Posted by fidest press agency su sabato, 21 novembre 2020

E’ il nuovo libro dello scrittore e critico d’arte Donato Di Poce dal titolo Taccuini d’Artista “ARTIST NOTEBOOKS & POETRY BOX” ovvero Storia di un’idea: Il “Taccuino d’Artista” da Leonardo da Vinci a Basquiat per i Quaderni del Bardo Edizioni di Stefano Donno. Ogni uomo, è attratto consapevolmente o no dal bisogno di un’esperienza estetica della vita e del mondo.

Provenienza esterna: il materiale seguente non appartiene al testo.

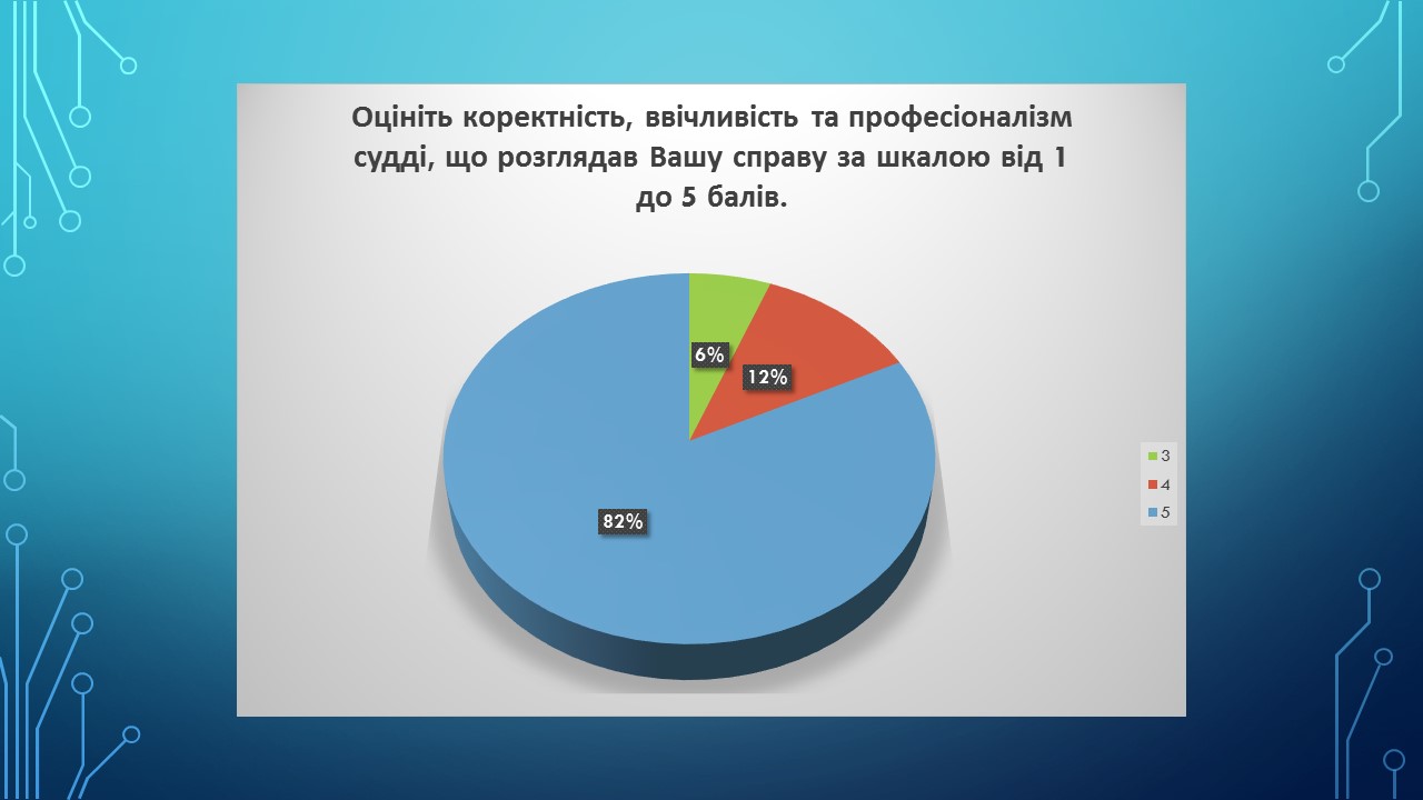 Дякуємо всім, хто приймав участь в опитуванні. Всі відповіді та пропозиції будуть надалі враховані з метою покращення роботи суду та реалізації принципу відкритості до громадськості.
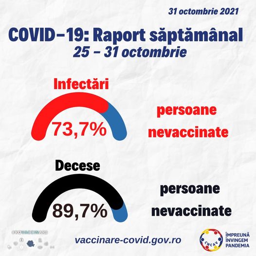 În săptămâna 25 – 31 octombrie 2021, 73.7% din cazurile confirmate au fost înregistrate la persoane nevaccinate.

E più che dalla bellezza di un’opera o dalla personalità di un artista, ama scoprire le poetiche, i processi creativi, la sequenza realizzativa di un’idea, le impronte e le tracce, i tentativi, gli abbozzi e le cancellazioni di una comunicazione iconica e segnica che è anche e sempre una comunicazione psicologica.Da qui, l’interesse per i segni preistorici sulle grotte, i disegni preparatori degli artisti, i diari, i dessins e i collages, le sinopie, gli “skethbook”, i progetti, i “carnets” gli scarabocchi, la “mail-art” e i “libri monotipi”, in una parola “I percorsi nascosti della creatività”, che ci permettono di entrare nelle “stanze segrete” e negli “atelier” degli artisti, di sbirciare dal loro buco della serratura, per vedere, toccare, leggere, “i taccuini segreti degli artisti”. Donato Di Poce, ama definirsi un ex poeta che gioca a scacchi per spaventare i critici. ( Nato a Sora – FR – nel 1958, residente dal 1982 a Milano ). Poeta, Critico d’Arte, Scrittore di Poesismi, Fotografo. Artista poliedrico, innovativo ed ironico, dotato di grande umanità, e CreAttività. Ha al suo attivo 29 libri pubblicati(tradotti anche in inglese, arabo, rumeno e spagnolo) , 20 ebook e 40 libri d’arte Pulcinoelefante. Dal 1998 è teorico, promotore e collezionista di Taccuini d’Artista. Ha realizzato L’Archivio Internazionale di TACCUINI D’ARTISTA e Poetry Box di Donato Di Poce, progetto espositivo itinerante.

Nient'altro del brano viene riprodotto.